• Exercise directions: Retype nothing except the lines below from the one with "Bundesvorstandssitzung des BEJ/JEF" through the one with "Carte diagnostic état des berges.", exactly, with images left out.

Start of Material shown

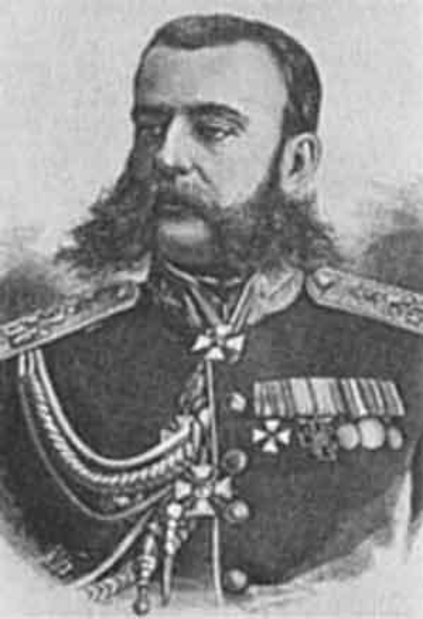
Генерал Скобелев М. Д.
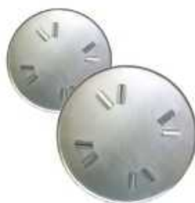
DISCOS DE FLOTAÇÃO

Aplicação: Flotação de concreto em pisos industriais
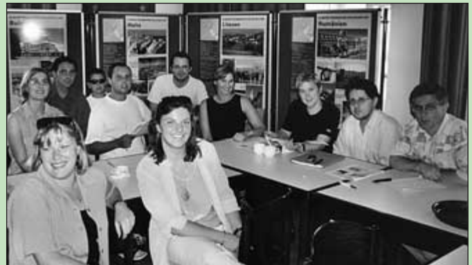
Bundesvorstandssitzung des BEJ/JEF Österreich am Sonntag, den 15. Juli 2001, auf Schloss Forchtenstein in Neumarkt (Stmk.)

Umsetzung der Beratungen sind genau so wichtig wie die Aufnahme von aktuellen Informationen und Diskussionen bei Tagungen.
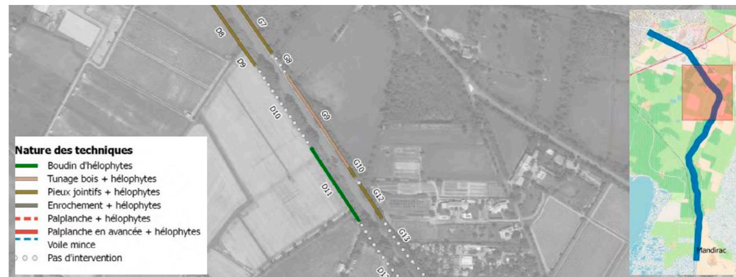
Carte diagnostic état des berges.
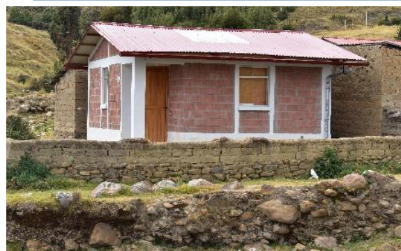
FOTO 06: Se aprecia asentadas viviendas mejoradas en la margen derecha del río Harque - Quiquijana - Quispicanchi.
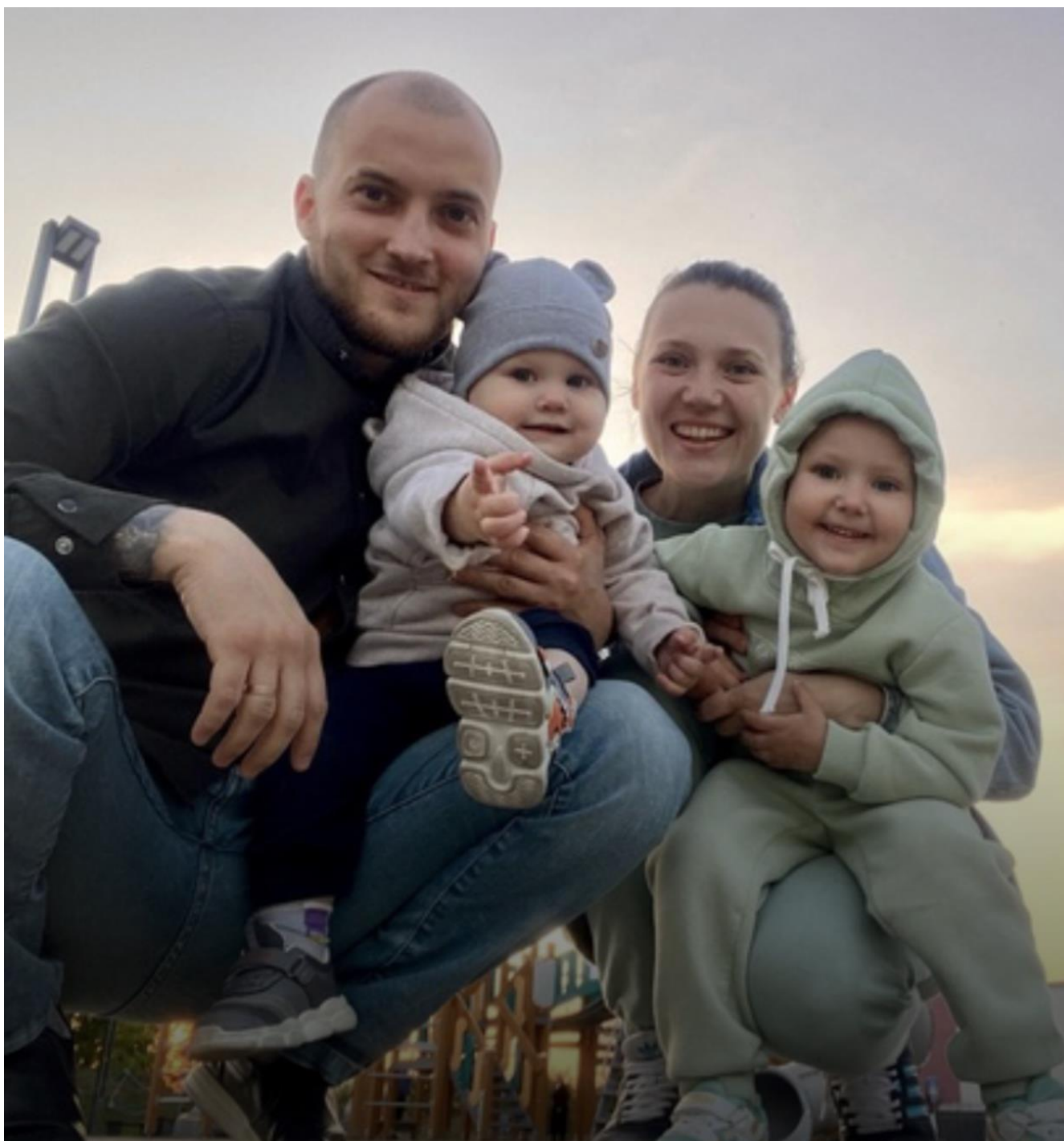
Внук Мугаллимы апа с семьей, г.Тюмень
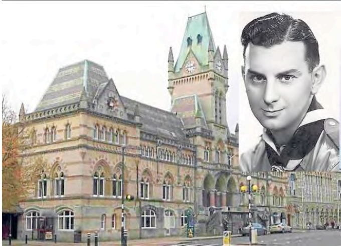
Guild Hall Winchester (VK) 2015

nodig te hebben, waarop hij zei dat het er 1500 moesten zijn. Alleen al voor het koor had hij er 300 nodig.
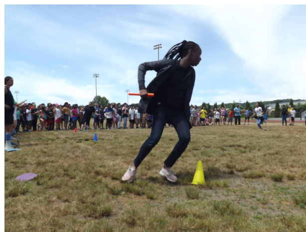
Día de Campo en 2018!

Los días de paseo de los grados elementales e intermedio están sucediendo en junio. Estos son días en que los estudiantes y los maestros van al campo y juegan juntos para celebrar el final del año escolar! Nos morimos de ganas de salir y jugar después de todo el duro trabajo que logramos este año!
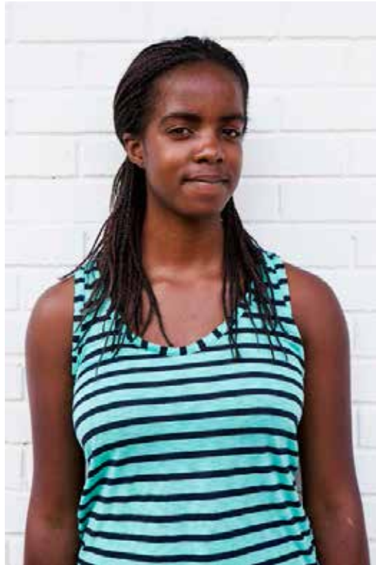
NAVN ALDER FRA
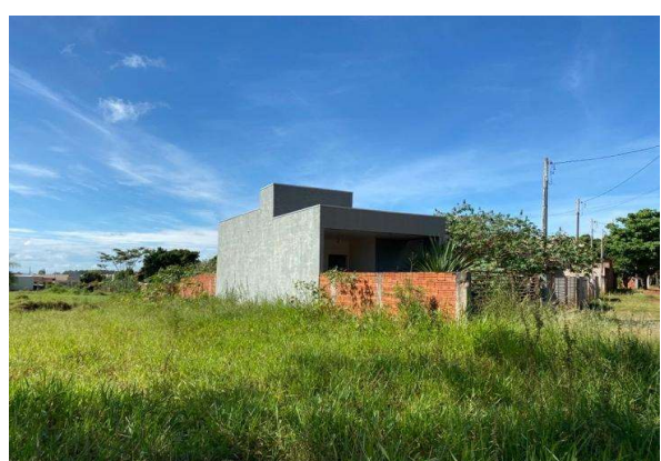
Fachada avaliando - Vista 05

End of Material shown
Start of Material shown

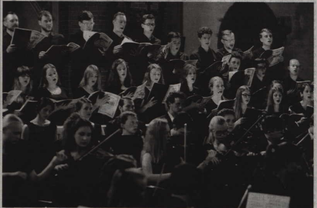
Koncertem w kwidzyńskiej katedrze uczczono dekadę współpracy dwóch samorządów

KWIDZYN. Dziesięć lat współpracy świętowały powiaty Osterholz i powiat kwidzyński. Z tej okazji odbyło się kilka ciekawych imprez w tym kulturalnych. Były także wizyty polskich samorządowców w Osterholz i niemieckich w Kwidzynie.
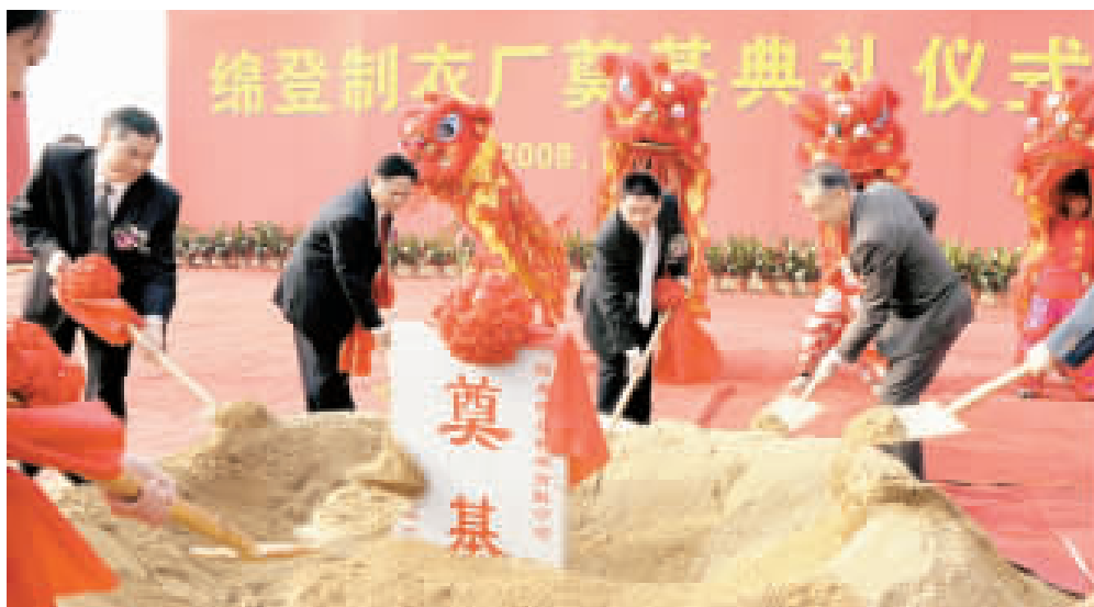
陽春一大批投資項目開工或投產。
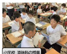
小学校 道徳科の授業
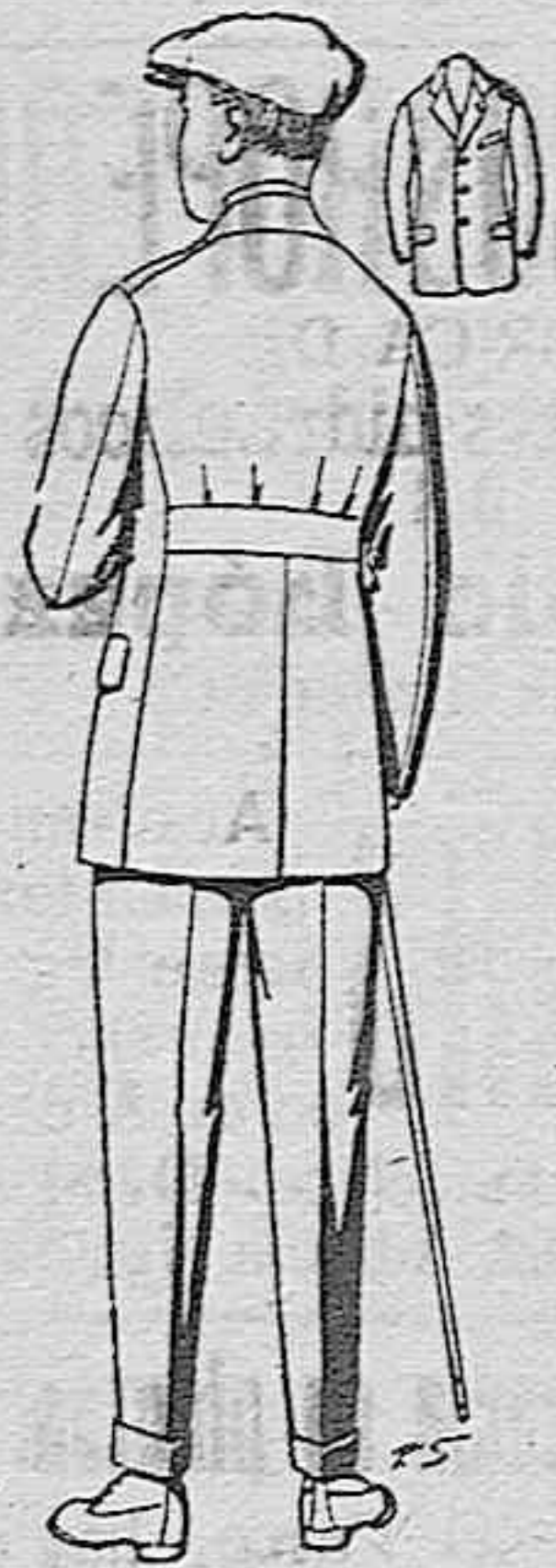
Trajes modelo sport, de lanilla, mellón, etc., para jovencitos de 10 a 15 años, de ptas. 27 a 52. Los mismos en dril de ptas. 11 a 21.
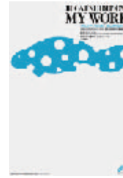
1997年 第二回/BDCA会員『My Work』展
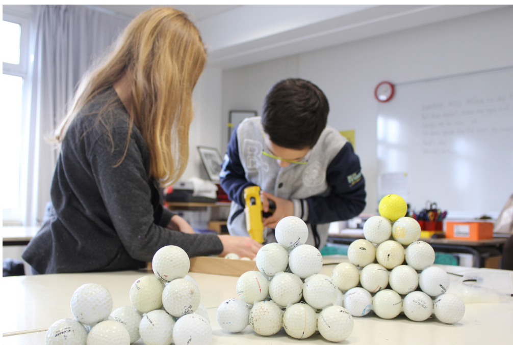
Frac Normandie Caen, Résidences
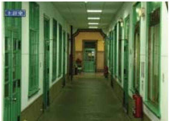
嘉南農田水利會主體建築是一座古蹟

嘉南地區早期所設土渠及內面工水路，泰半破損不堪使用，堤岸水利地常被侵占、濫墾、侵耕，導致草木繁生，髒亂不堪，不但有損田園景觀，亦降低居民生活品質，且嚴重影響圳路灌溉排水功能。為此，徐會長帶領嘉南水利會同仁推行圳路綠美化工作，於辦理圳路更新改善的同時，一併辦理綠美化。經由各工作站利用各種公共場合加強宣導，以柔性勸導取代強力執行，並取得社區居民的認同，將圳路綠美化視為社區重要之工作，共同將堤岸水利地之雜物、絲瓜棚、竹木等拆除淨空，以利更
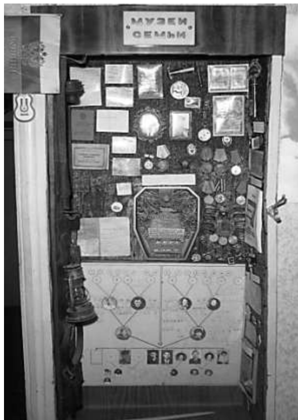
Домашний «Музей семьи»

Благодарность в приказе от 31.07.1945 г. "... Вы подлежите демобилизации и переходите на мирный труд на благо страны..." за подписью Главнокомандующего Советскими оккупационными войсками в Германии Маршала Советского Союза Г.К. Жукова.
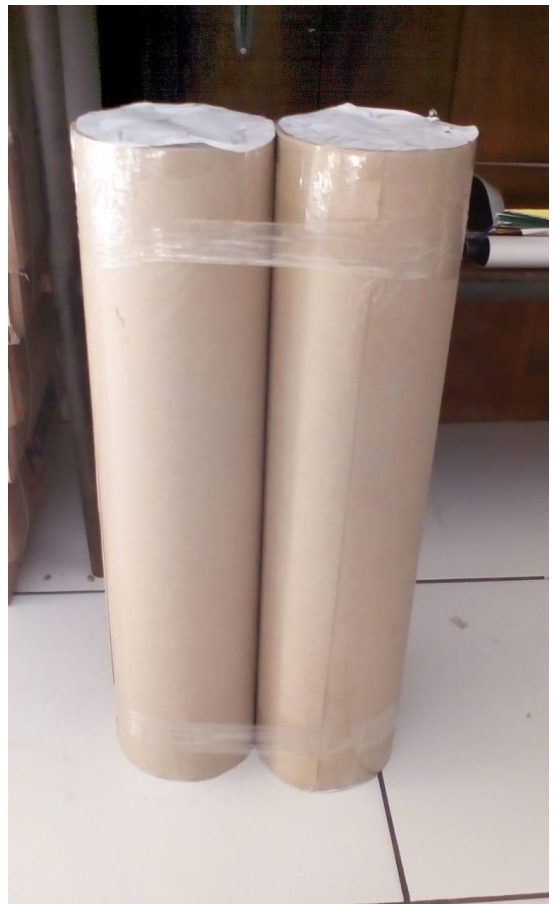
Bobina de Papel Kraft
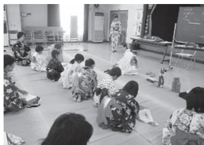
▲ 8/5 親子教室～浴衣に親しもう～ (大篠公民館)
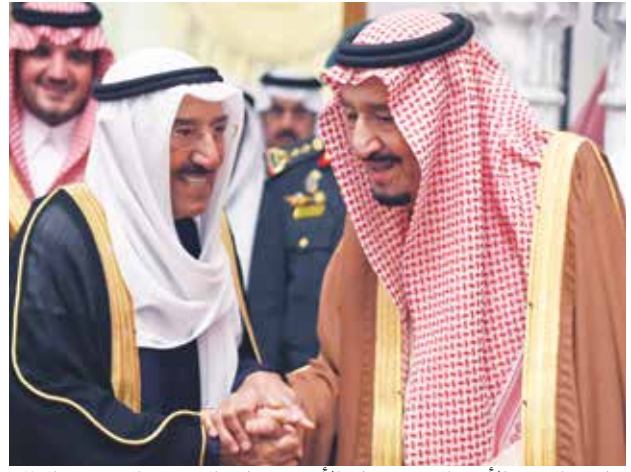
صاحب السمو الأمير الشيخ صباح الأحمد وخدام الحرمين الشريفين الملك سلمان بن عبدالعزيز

End of Material shown

• Task response:
Bundesvorstandssitzung des BEJ/JEF Österreich am Sonntag, den 15. Juli 2001, auf Schloss Forchtenstein in Neumarkt (Stmk.)

Umsetzung der Beratungen sind genau so wichtig wie die Aufnahme von aktuellen Informationen und Diskussionen bei Tagungen.
Carte diagnostic état des berges.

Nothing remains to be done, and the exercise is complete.